The increasing reliance on communication networks to transmit more complex data, such as voice and video traffic, is causing a very high demand for bandwidth. To resolve this demand for bandwidth, communications networks are relying upon optical fiber to transmit this complex data. Conventional communication architectures that employ coaxial cables are slowly being replaced with communication networks that comprise only fiber optic cables. One advantage that optical fibers have over coaxial cables is that a much greater amount of information can be carried on an optical fiber.
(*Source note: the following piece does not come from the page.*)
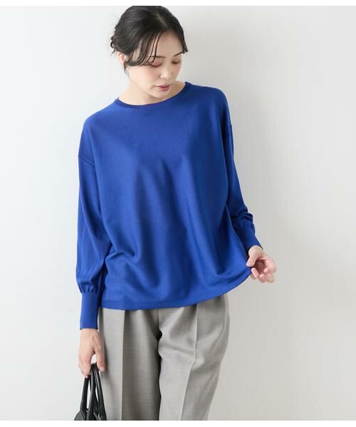 ゆったりとしたシルエットに、裾のフレアラインを取り入れることで自然な揺らぎを表現。パンツにもスカートにも合わせやすく、幅広いスタイリングに対応します。また、袖口には編み柄をあしらい、パフデザインでさりげない立体感をプラスしました。袖をブラウジングして、こなれた雰囲気で着用するのがおすすめ。

Meanwhile, one problem that data service providers face when changing from coaxial cables to optical fibers is the expense of building their own optical network. Similar to traditional coaxial cable networks, in order for a service provider to compete with another service provider, it has been typical business practice for the service provider to build its own network relative to the network of the competing service provider.
Instead of the service providers building their own separate optical networks, some municipalities have proposed constructing optical networks for their residents in which service providers could share the newly constructed optical networks. One proposed conventional way for service providers to share a municipal optical network is by using digital signals such as internet protocol (IP) packets to support data as well as voice and video services.
For video services, transmitting video information in IP packets would require digital optical transmitters to modulate a digital optical carrier. Digital optical receivers would be needed to demodulate the digital optical carrier. And digital electrical receivers such as digital set top terminals (STTs) or boxes would be required to decipher the video services contained in the IP packets. Such set top boxes are expensive and make implementing an all digital optical network very cost prohibitive for both the municipality and the service providers.
To eliminate the need of set top boxes to support digital video services, service providers could modulate analog optical carriers of different wavelengths with analog electrical Radio Frequency (RF) signals. Once the analog optical carriers are converted to the electrical domain at the subscriber location, a television (TV) set could easily process the video information from the electrical video signals without the need of a set top box. However, at least one problem exists when multiple service providers attempt to share an optical network using analog optical signals propagating at different wavelengths: Stimulated Raman Scattering (SRS).
SRS can cause mutual interference between two broadcast signals occupying the same RF channel on different optical wavelengths on the same optical waveguide. SRS is typically made worse by longer optical waveguides and, effectively, by larger splitting ratios. SRS can create crosstalk between the two signals on different wavelengths. For analog TV applications, crosstalk manifests itself as a ghost image of the other signal in the best case, and as a beat (moving lines in the picture) in the worst and most common case.
Accordingly, there is a need in the art for a system and method for communicating optical signals between a data service provider and a subscriber that can eliminate the effects of SRS when multiple data service providers are sharing a single optical network using optical carriers of different wavelengths. Another need exists in the art for supporting analog optical carriers of different wavelengths for large distances in an optical network in which numerous optical carriers can be split several times. Another further need exists in the art for a method and system that can support both analog and digital optical carriers in order to provide video as well as data services such as internet connections and telephone services.